The harsh environment and rapidly changing weather dictate the pace of our operations, transporting researchers, support personnel, and supplies from the U.S. Antarctic Program logistical hub in Christchurch, New Zealand, to McMurdo Station, Antarctica. The predictably unpredictable weather creates periods of operational lulls and surges, while risk management and contingency planning are key components to mission success. One always has to be prepared for a sudden snow storm, gusty winds, and frigid temperatures. At times, it’s best to cancel or abort the mission and try again another day–Mother Nature doesn’t fool around on Antarctica!

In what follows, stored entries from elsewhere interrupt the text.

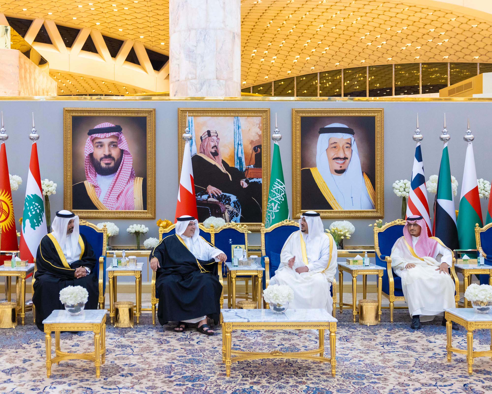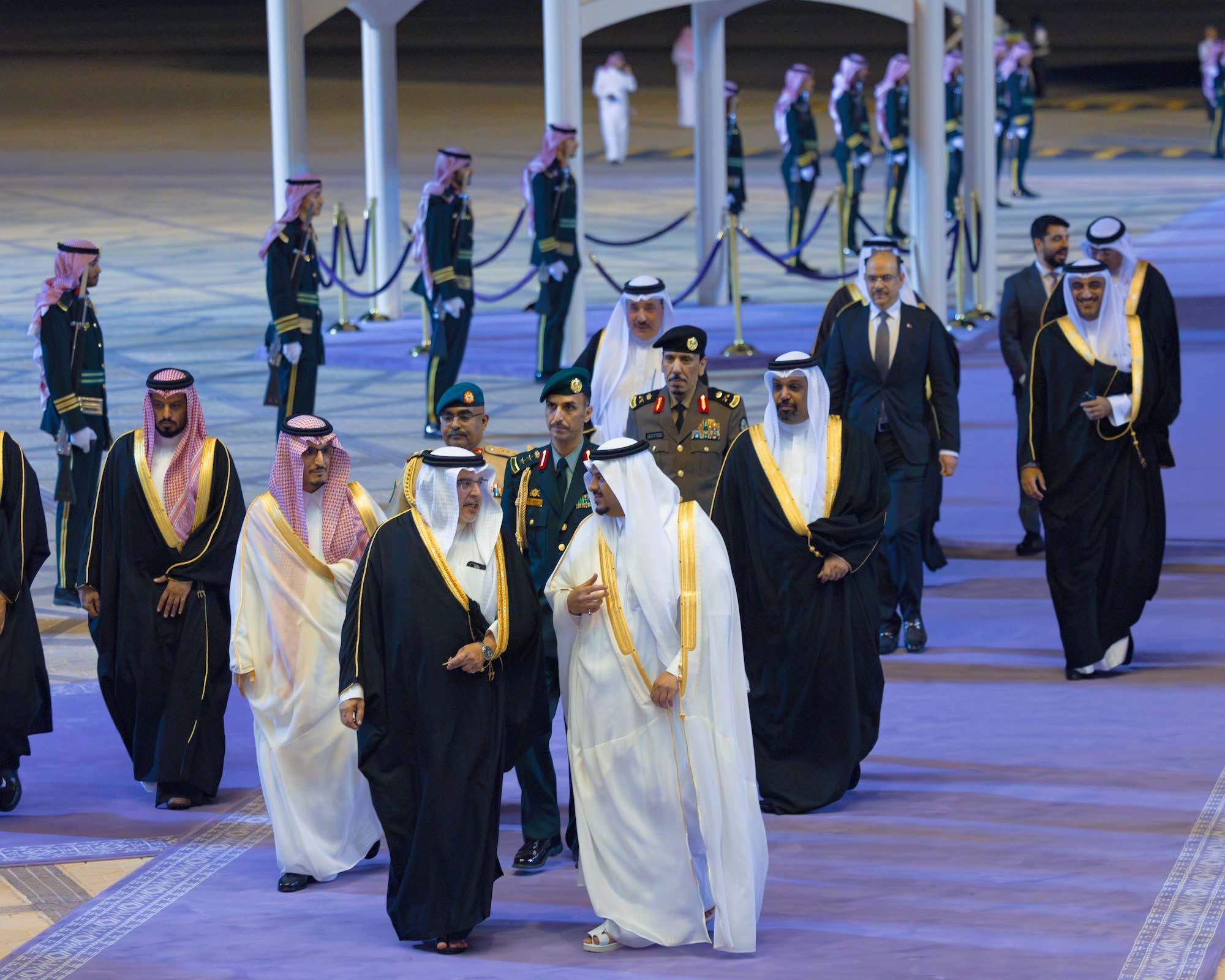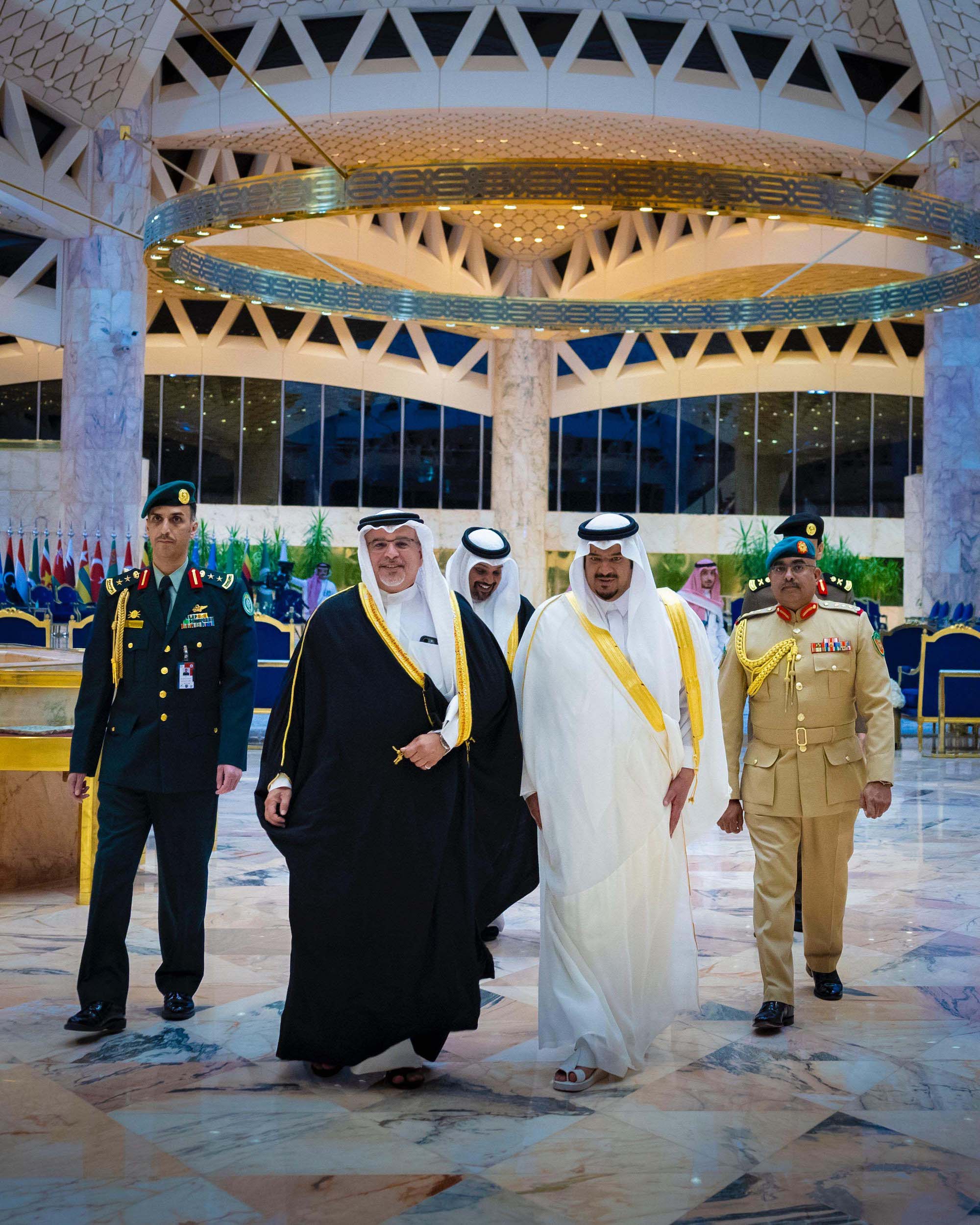 Upon arrival, HRH the Crown Prince and Prime Minister was received by the Governor of Riyadh Province, HRH Prince Faisal bin Bandar bin Abdulaziz Al Saud, the Deputy Governor of the Riyadh Province, HRH Prince Mohammed bin Abdulrahman bin Abdulaziz Al Saud, the Director General of the General Administration for the European Countries at the Ministry of Foreign Affairs of Saudi Arabia, HRH Prince Saad bin Mansour bin Abdulaziz Al Saud, the Ambassador of Bahrain to Saudi Arabia, HE Shaikh Ali bin Abdulrahman bin Ali Al Khalifa, and a number of senior officials.
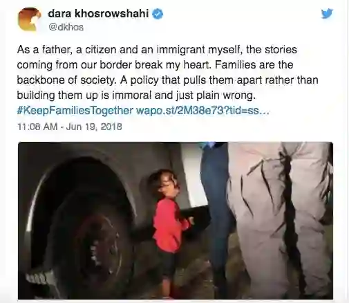 同样用了“让家庭在一起”的标签的还有 Uber CEO Dara Khosrowshahi。他说,作为一名父亲和移民,这个来自边界的故事“伤了我的心”。这样的分离政策,是不道德的,也是错误的。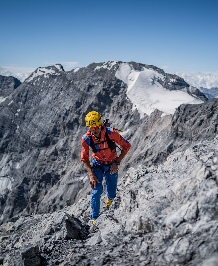岩稜や岩場のある標高2,000mの登山、テント泊装備を背負ったアルプス縦走登山に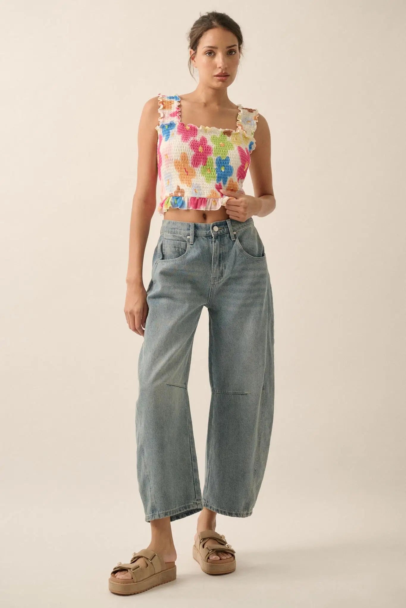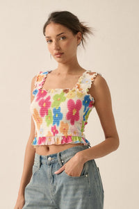 Funky Flowers Smocked Floral Mesh Ruffle Tank Top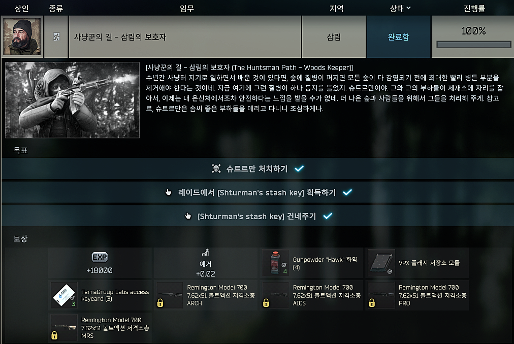 타르코프 퀘스트 - 사냥꾼의 길 - 삼림의 보호자 (The Huntsman Path - Woods Keeper)

3. What is your favorite part about being in Antarctica?
I fully enjoy working and socializing with all of our international partners that contribute to program success. Specifically, my favorite activity and a source of great interest and satisfaction is speaking with the scientists and learning about their projects as we go back and forth from the continent. Not only is it educational, but it produces a great sense of pride in our contribution to science. I’m very proud to play a role in work that promises to benefit many generations to come.
4. What are some of the unique challenges of living and working in Antarctica that most people wouldn’t think about?
Eyelash icicles!!! Is there a cure or remedy? Regrettably, we do not get to spend much time on the surface. our job is to deliver the goods and people as efficiently as we can and get out before the cold negatively impacts our aircraft systems or a storm blows in, increasing the hazard to flight operations. So, on an average mission, we are only on the ‘ground’ from one to two hours. Even during that limited time, I’m always amazed when icicles form from my eyelashes when I’m not wearing my goggles. Is it just me?
5. Any advice for those east coast U.S. people currently experiencing the “Snowpocalypse”?
If you must go outside and need recommendations on some good quality but slightly used Extreme Cold Weather gear, let me know and good luck!